• Collected data

================================

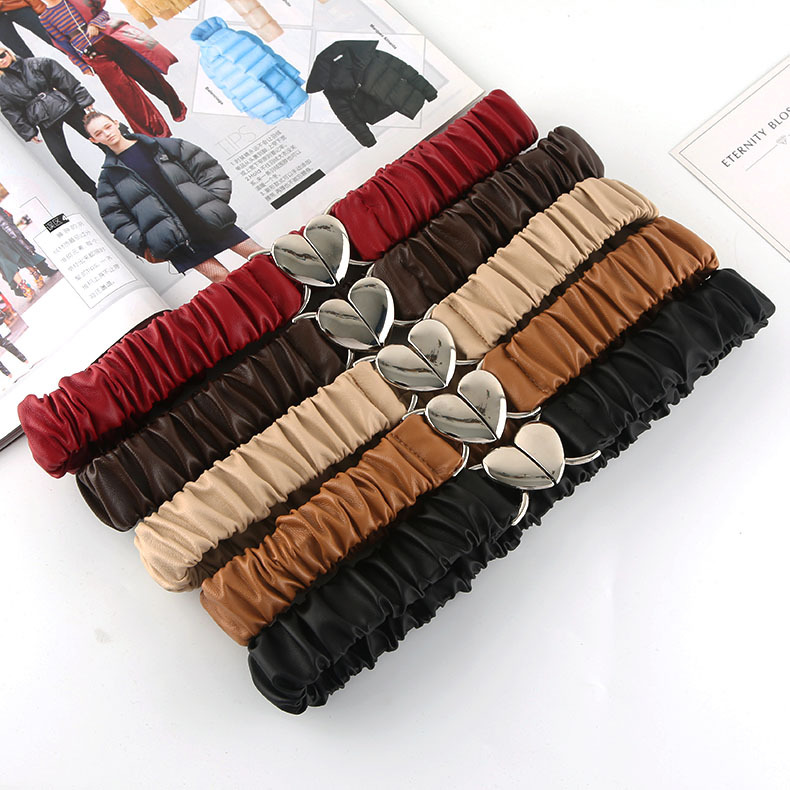 网红同款装饰弹力宽腰带,仿皮材质,铝合金扣头,对扣设计,文艺风格,电镀工艺,重量50克
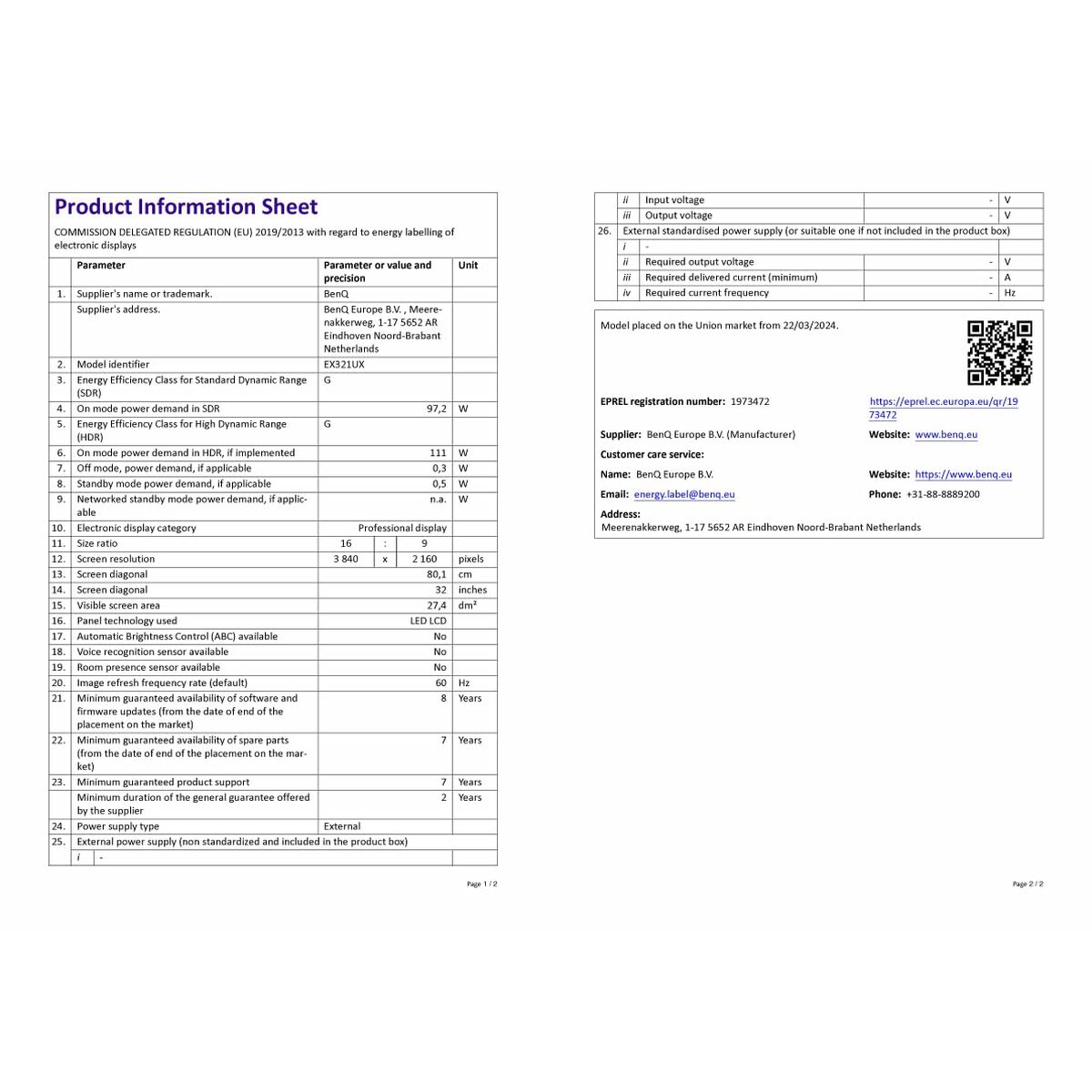 Skærm BenQ EX321UX 31,5″ 4K Ultra HD
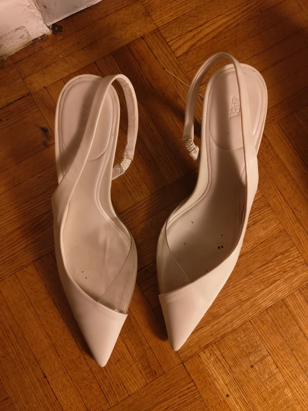 These Zara slingback heels are a chic white colour. They feature a pointed toe and a clear panel. The elasticated strap ensures a secure fit. Perfect for dressing up or down!

================================

• Problem description
Everything in the listing above is to be given again exactly, apart from the pictures.

• Result
 网红同款装饰弹力宽腰带,仿皮材质,铝合金扣头,对扣设计,文艺风格,电镀工艺,重量50克
 Skærm BenQ EX321UX 31,5″ 4K Ultra HD
 These Zara slingback heels are a chic white colour. They feature a pointed toe and a clear panel. The elasticated strap ensures a secure fit. Perfect for dressing up or down!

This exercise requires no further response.